Die vielen kritischen Stimmen zu den Corona-Massnahmen sind dem Bundesrat offenbar ein Dorn im Auge. Als Gegenmassname für «digitale Desinformation» soll nun Anfang 2022 innerhalb der Bundeskanzlei ein schlagkräftiges Team geschaffen werden. So verkündet es eine neue Pressemitteilung der Bundeskanzlei zur «Strategie soziale Medien». Zehn neu geschaffene Stellen, darunter vier aus dem Bundesamt für Verteidigung, Bevölkerungsschutz und Sport (VBS), sollen die Kommunikationsabteilungen aller Bundesämter unterstützen. Denn die Bundesverwaltung mache bis heute keinen systematischen Gebrauch von sozialen Medien, habe die Geschäftsprüfungskommission des Nationalrates in einem Bericht festgestellt.
Der Plan sieht vor, in sozialen Netzwerken über «wichtige Entscheide, Geschäfte oder Tätigkeiten» des Bundesrates zu informieren: mit hübschen Bildchen auf Instagram zum Beispiel, wo der Bundesrat noch nicht präsent sei. Neben den bestehenden Kanälen auf YouTube und Twitter möchte der Bundesrat neue Zielgruppen erreichen. Der aktuelle sicherheitspolitische Bericht des Bundesrates zeige, dass die «Bedrohung» durch «Beeinflussung» und «Desinformation» zunehme. Wenn der Bundesrat in den sozialen Medien direkt informieren könne, trage dies zu einer «sachlichen Debatte» und zur «Eindämmung von Desinformation» bei.
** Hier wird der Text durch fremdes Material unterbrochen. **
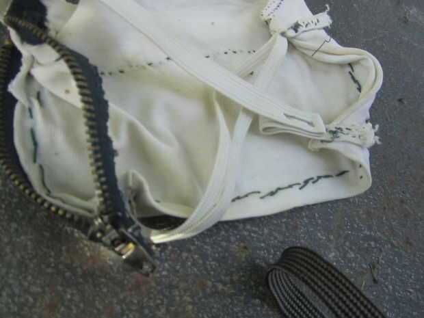 Tip: como veis en la foto, temporalmente utilizado una grapadora para probar la longitud del elástico en el ave, antes de coserlo más corto en su longitud final.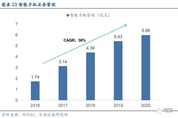 智能手机仍是第一大业务,智能汽车业务增速超300%。2017年至2020年智能手机业务营业收入占比连续超8成;2017年开始拓展智能汽车业务,尤其是2020年公司智能汽车业务迎来爆发式增长,营收增速达到300%以上,营收占比接近10%。2016年公司营业收入中其他收入较高,主要系数码相机业务收入较高,随着数码相机的多数功能被智能手机替代,2017至2019年其他业务占比不断下降,而2020年其他业务占比提升,主要系公司IoT业务增长所致。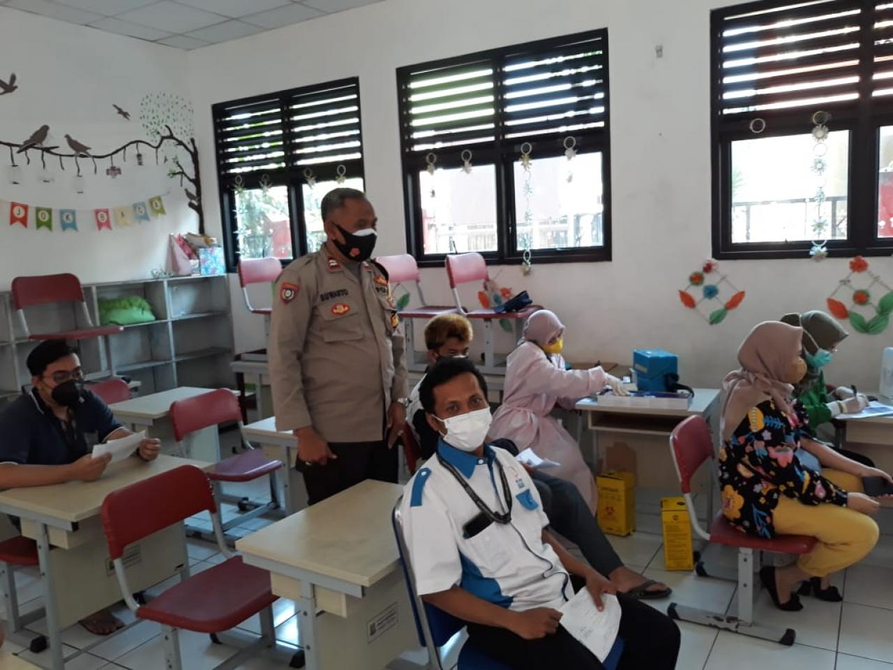 BANTEN, Ungkapriau.com- Dalam mendukung Vaksinasi massal program pemerintah pusat, anggota personel Polsek Jatiuwung lakukan pemantauan serta pengamanan jalannya pelaksanaan kegiatan, Selasa (29/06/2021) jam 07:00wib.
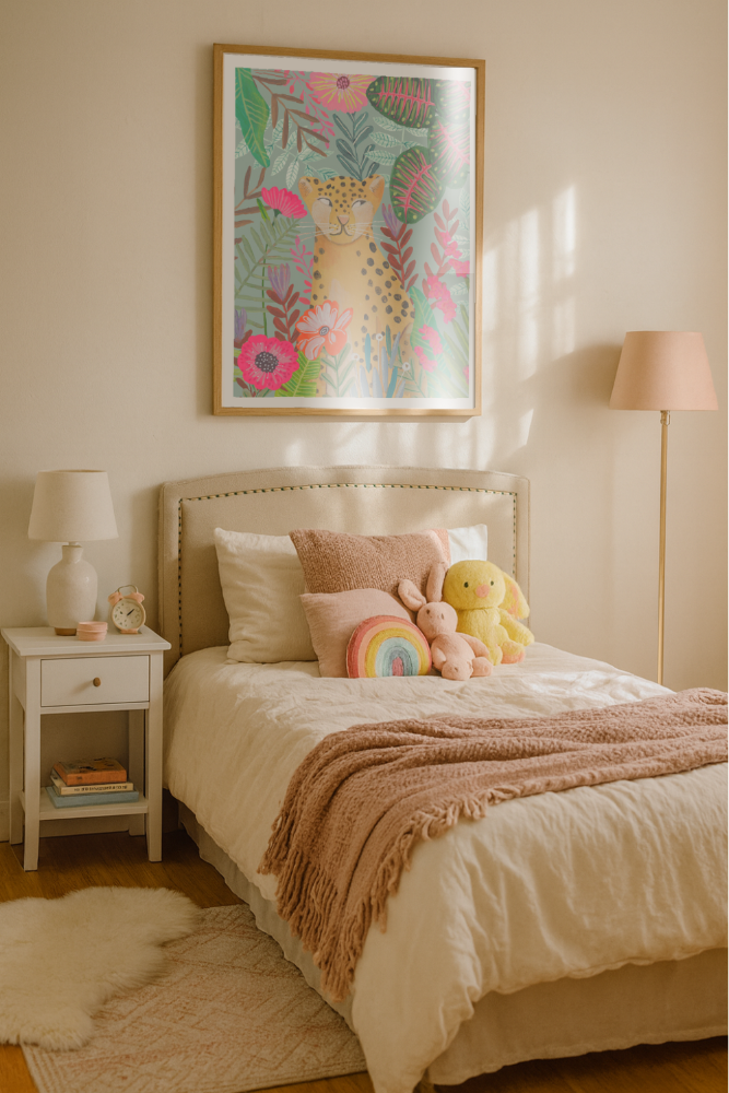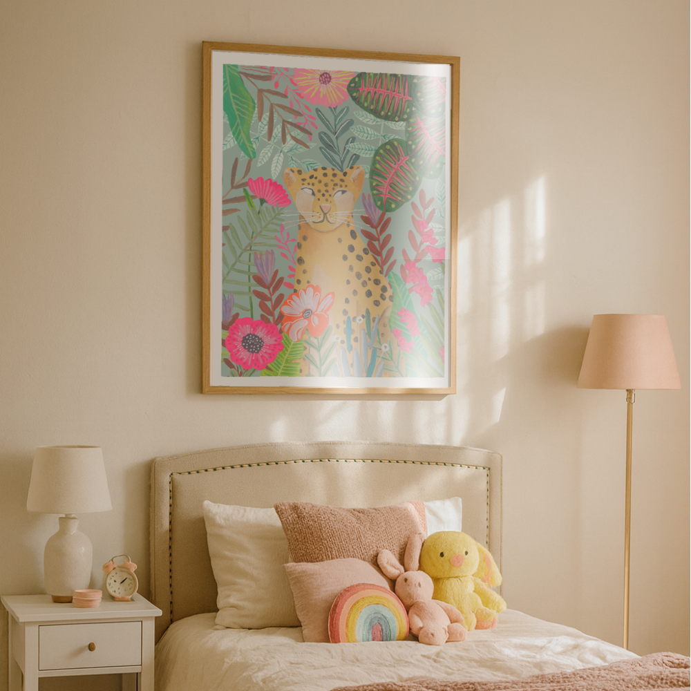 Este cuadro vibrante celebra la belleza de la naturaleza salvaje con un leopardo rodeado de hojas y flores en tonos intensos de rosa, verde y naranja. La mirada tranquila del felino contrasta con la energía colorida de la vegetación tropical, creando una pieza llena de fuerza y armonía. Ideal para dar un toque exótico y alegre a cualquier espacio, desde la sala hasta un rincón creativo. 🌸✨

Der neueste Digital-Streich des Bundes sei gleich mehrfach irritierend, schreibt die Onlineausgabe der NZZ. Denn er offenbare im Kern ein gestörtes Verhältnis zur Rolle der Medien und zur eigenen Aufgabe im Digitalzeitalter. In einer Demokratie könne es nicht Aufgabe der Exekutive sein, «Desinformation» zu identifizieren. Und erst recht nicht, diese angebliche Desinformation «einzudämmen». Das höre sich erstens nach Zensur an, und zweitens nach Propaganda. Und es sei reichlich naiv zu glauben, mit zehn Leuten, die ein Instagram-Konto bedienen, irgendetwas ändern zu können.
Kommentar der Redaktion:
Statt sich mit der eigenen «Desinformation» zu beschäftigen, setzt der Bundesrat lieber auf einseitige Propaganda. Das angestrebte Ziel einer «sachlichen Debatte» kann mit hübschen Bildchen auf Instagram auch nicht erreicht werden. Gerade diese sachliche Debatte scheut der Bundesrat seit Beginn der Corona-Krise ja wie der Teufel das Weihwasser. Und kritische Meinungen sind aus Sicht des Bundesrates nicht gewünscht, sie sind vielmehr bedrohlich beeinflussend.